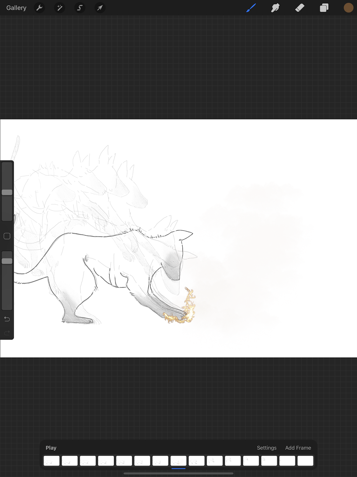 Below are a sequence of images taken as a screenshot from Procreate, which is what I’m using to animate. At the moment I am trying to figure out how I can make the smoke begin to appear from beneath the cats paws before it jumps in fright, revealing fire. As a result I am experimenting with different styles of design and drawing to figure out what would be the most aesthetic result.
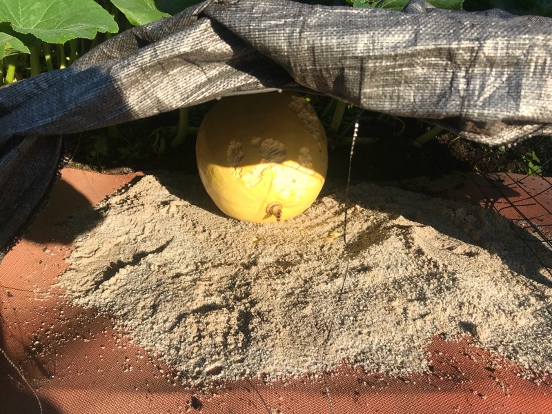 What a difference a day makes. This hobby can be demoralizing. I have a fence around the perimeter of the patch and also had some interior fencing around the interior plants to keep any animals out. I had taken most of the inside fencing down to let the vines fill in and bury them. The 1810 werner our earliest pollination had a cage over it and a tarp on top but the end was open. This morning I found where something decided to make a snack out of it. Crap. All this work.
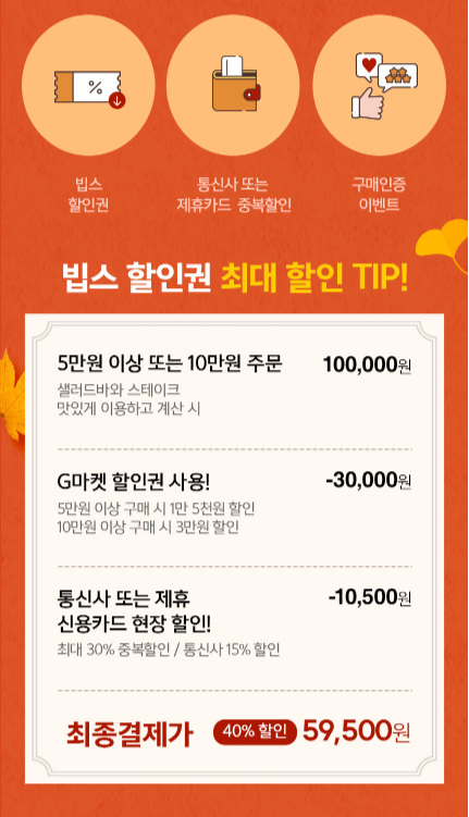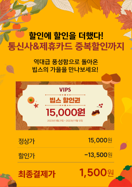 빕스는 시즌마다 엄청난 할인율의 할인권을 고객들에게 제공하고는 합니다. 지난 5월, 봄 시즌 메뉴를 빕스 할인권으로 저렴하게 샐러드바를 이용했던 포스팅을 했었는데요, 이번에는 가을 시즌을 맞아 빕스에서 할인권을 판매하고 있어 공유하고자 합니다. 글 하단에 빕스 100원에 결제하는 꿀팁에 관한 내용도 포함되어 있으니 잘 살펴보시고 합리적 소비자 되시길 바랍니다. :)
#####
Try it |
Could you copy the listing above exactly, without its pictures?

Exercise output |
 Below are a sequence of images taken as a screenshot from Procreate, which is what I’m using to animate. At the moment I am trying to figure out how I can make the smoke begin to appear from beneath the cats paws before it jumps in fright, revealing fire. As a result I am experimenting with different styles of design and drawing to figure out what would be the most aesthetic result.
 What a difference a day makes. This hobby can be demoralizing. I have a fence around the perimeter of the patch and also had some interior fencing around the interior plants to keep any animals out. I had taken most of the inside fencing down to let the vines fill in and bury them. The 1810 werner our earliest pollination had a cage over it and a tarp on top but the end was open. This morning I found where something decided to make a snack out of it. Crap. All this work.
 빕스는 시즌마다 엄청난 할인율의 할인권을 고객들에게 제공하고는 합니다. 지난 5월, 봄 시즌 메뉴를 빕스 할인권으로 저렴하게 샐러드바를 이용했던 포스팅을 했었는데요, 이번에는 가을 시즌을 맞아 빕스에서 할인권을 판매하고 있어 공유하고자 합니다. 글 하단에 빕스 100원에 결제하는 꿀팁에 관한 내용도 포함되어 있으니 잘 살펴보시고 합리적 소비자 되시길 바랍니다. :)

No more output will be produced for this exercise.